El obrero bajó del toro, entró en el almacén y regresó con una
botella dorada. Sacó una navajita, quitó el precinto, desenroscó
el tapón y se la dio a Marcus. Acostado, el gordo no había visto
la operación. Se dio cuenta de las intenciones cuando tenía el
cuello cerca de la boca.
—Pero ¿qué… cojones haces?
El obrero pensó que necesitaba un trago para recuperarse.
—Gilipollas, es… para él.
Desconcertado, me dio el Pure Gold, el tapón y se largó antes
de recibir un tortazo. Enrosqué el tapón de aluminio, busqué
en el portamaletas una bolsa de plástico, guardé la botella, puse
el coche en marcha. Marcus se levantó con dificultad. Desde la
acera, don Huevo me vio partir. Rapado, blanco como una pa-
red recién encalada, pantalones de chándal color hueso, parecía
el huevo de un Tyrannosaurus rex.
Me gustaba el sonido del motor del descapotable. Era a la
vez civilizado y arrogante, una manera de decir: parezco como
vosotros, pero soy otra cosa. Aunque no fuera verdad.
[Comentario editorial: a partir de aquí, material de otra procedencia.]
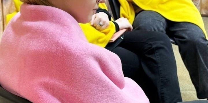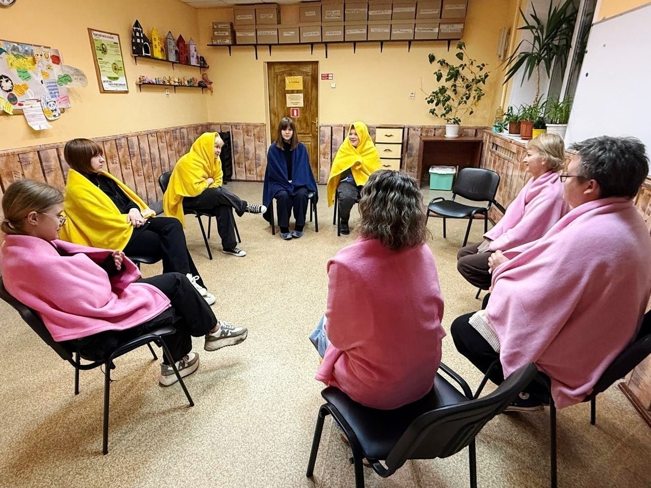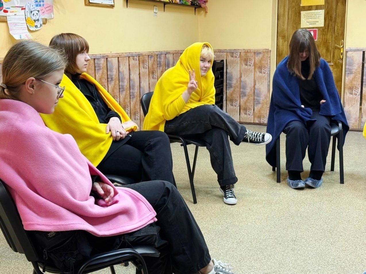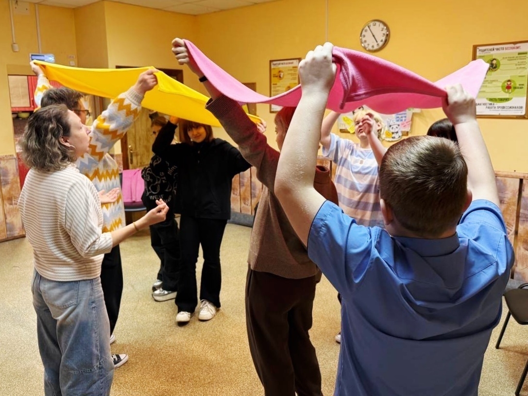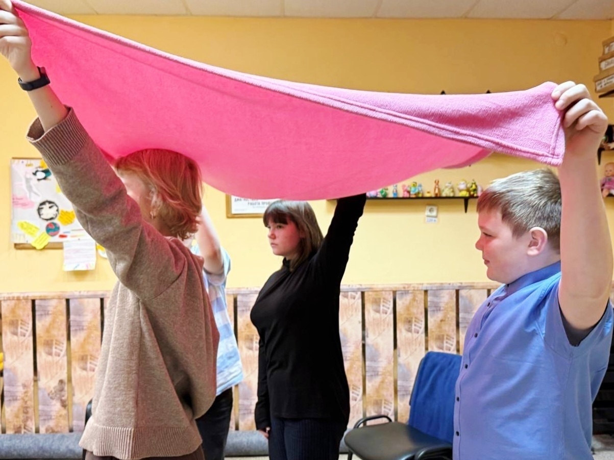 С помощью разноцветных пледов выполняли упражнения на снятие напряжения

Porque
era como ellos y por eso intentaba parecer distinto, vestirme
bien, oler bien, conducir un buen coche. Porque yo era como
don Huevo y como el Pequeño César, aunque ellos llevaran
chándal y yo prefiriera los trajes a medida. Y por más que me
mostrara hostil y mantuviera la distancia y me creyera mejor,
claramente superior, formábamos parte del mismo mundo y del
mismo código moral, que era la falta de moral. Un poco menos
de crueldad por mi parte no me hacía mejor. Yo los odiaba y
los despreciaba sin odiarme a mí mismo. Y ni siquiera había
necesitado terapia para llegar a esta conclusión.